Financial markets are really just large bucket shops so you can always predict what is coming at certain points of the cycle. For mining, the cycle peak is always marked by the “dividends are sustainable” pitch, via AFR:
Fortescue Metals’ dividend policy is “definitely sustainable” says chief executive Elizabeth Gaines as the iron ore miner enters a three year period in which it will spend $US3.37 billion ($5 billion) on new mines and is due to repay $US2.15 billion of debt.
…”We think that dividend policy is definitely sustainable,” she said.
”You would expect in periods of high iron ore prices that we would be toward the upper end of that range, and if iron ore prices are lower it would probably be toward the middle or toward the lower end of that range. It will flex and it is intentionally designed to do that.”
FMG is an evangelist so it probably believes it. It is wrong, again.

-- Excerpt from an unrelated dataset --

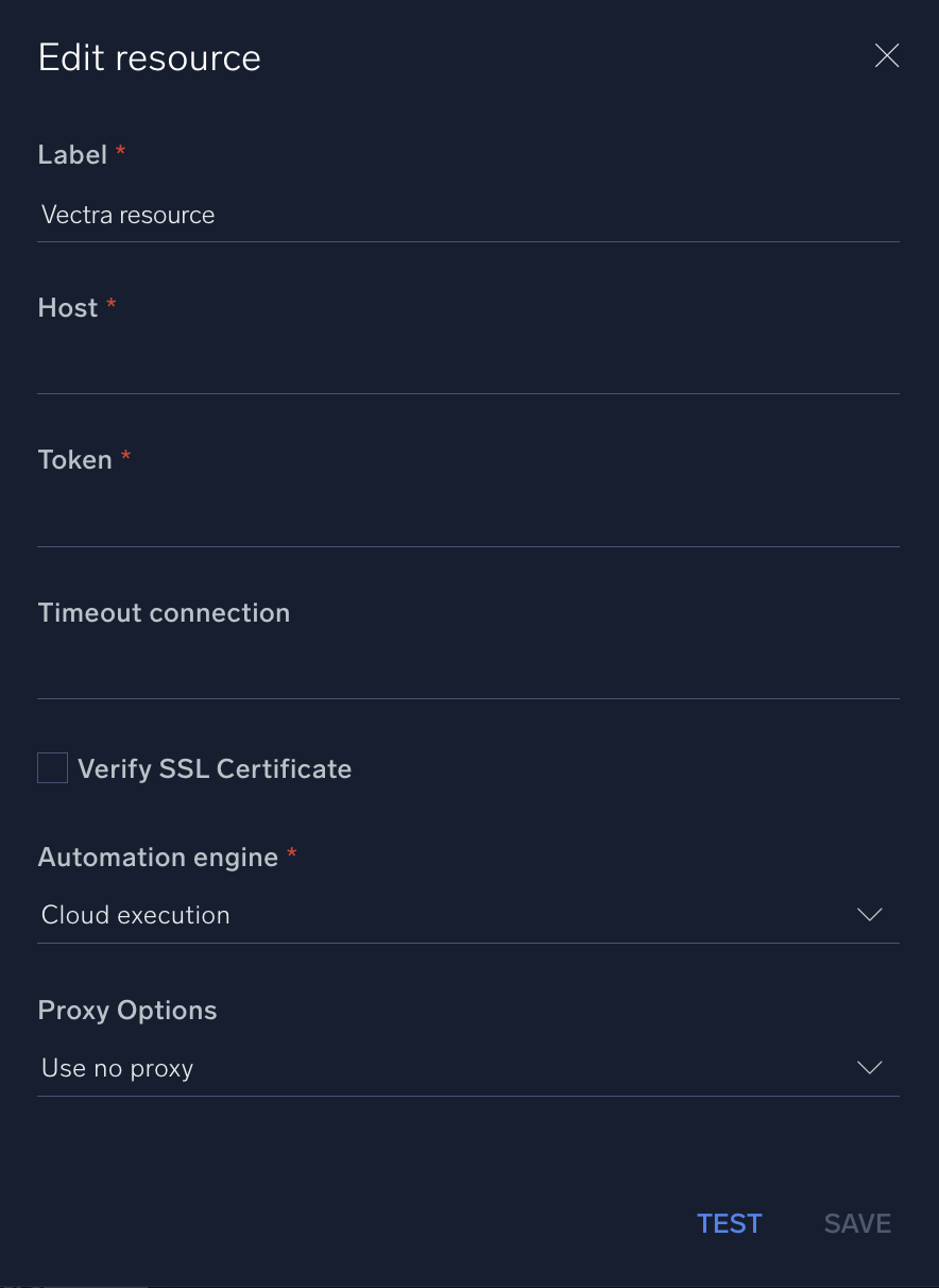 Host. Enter your Vectra host address, for example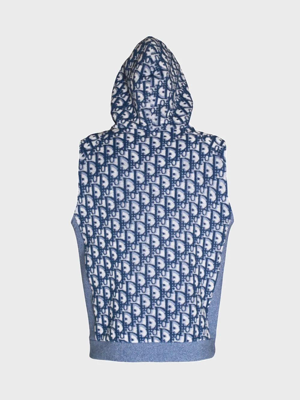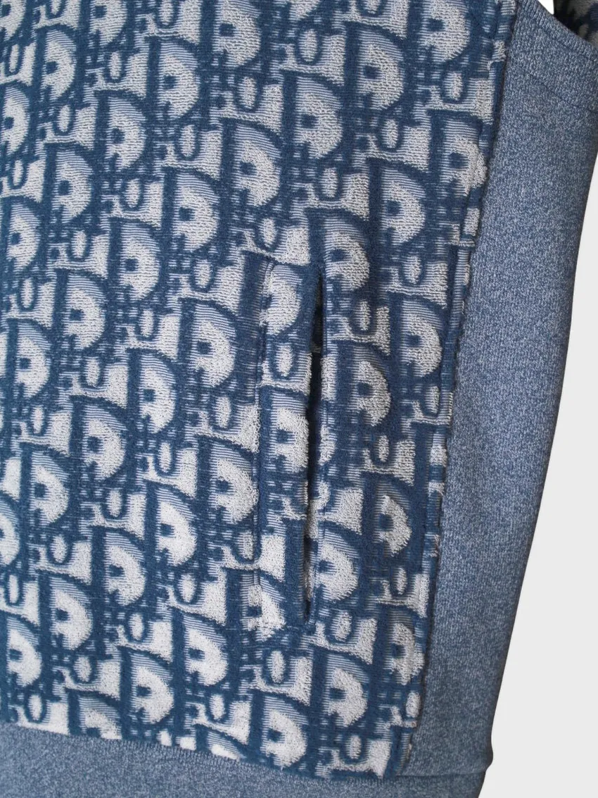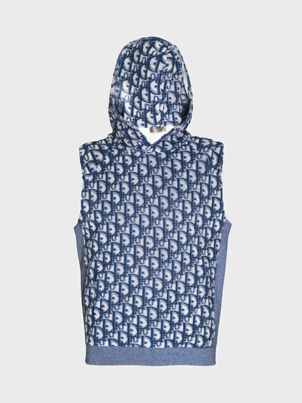 Мягкое худи от Dior выполнено из качественного флиса синего цвета, украшенного мелким узором в виде повторяющегося логотипа бренда. Модель прямого кроя с капюшоном обеспечивает комфортную посадку и теплое ощущение. Легкая и удобная ткань делает это худи идеальным выбором для повседневной носки или отдыха.

The arguments are all very familiar:
- supply side capex discipline;
- China forever;
- no acquisition spree.
But it won’t matter. Production is still rising from the previous cycle with roughly 100mt of high grade ore still in the pipeline.
Moreover, despite outrageous Chinese steel production growth, iron ore imports have been falling for two years:
As scrap steel output booms:
And this was while Chinese iron ore output cratered.

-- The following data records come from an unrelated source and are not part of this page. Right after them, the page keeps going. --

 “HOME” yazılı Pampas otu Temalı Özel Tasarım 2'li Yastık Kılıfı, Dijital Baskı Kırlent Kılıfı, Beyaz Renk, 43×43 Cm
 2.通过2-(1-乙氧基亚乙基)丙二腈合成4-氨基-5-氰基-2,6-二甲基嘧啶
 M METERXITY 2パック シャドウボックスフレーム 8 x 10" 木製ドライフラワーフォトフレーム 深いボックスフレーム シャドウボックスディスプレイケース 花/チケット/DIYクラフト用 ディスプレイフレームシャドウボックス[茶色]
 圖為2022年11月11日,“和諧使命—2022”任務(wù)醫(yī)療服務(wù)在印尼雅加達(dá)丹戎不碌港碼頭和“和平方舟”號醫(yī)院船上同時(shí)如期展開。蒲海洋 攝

Ahead lies falling Chinese steel production, ever rising scrap inputs, falling iron ore imports and a renewed marginal cost shakeout deep into 2020s.
By the end of it, I expect iron ore to trade at $30 per tonne consistently and still expect FMG will be forced to not only cut the dividend but to shrink its volumes materially.
It’s done well to survive but it’s all downhill from here.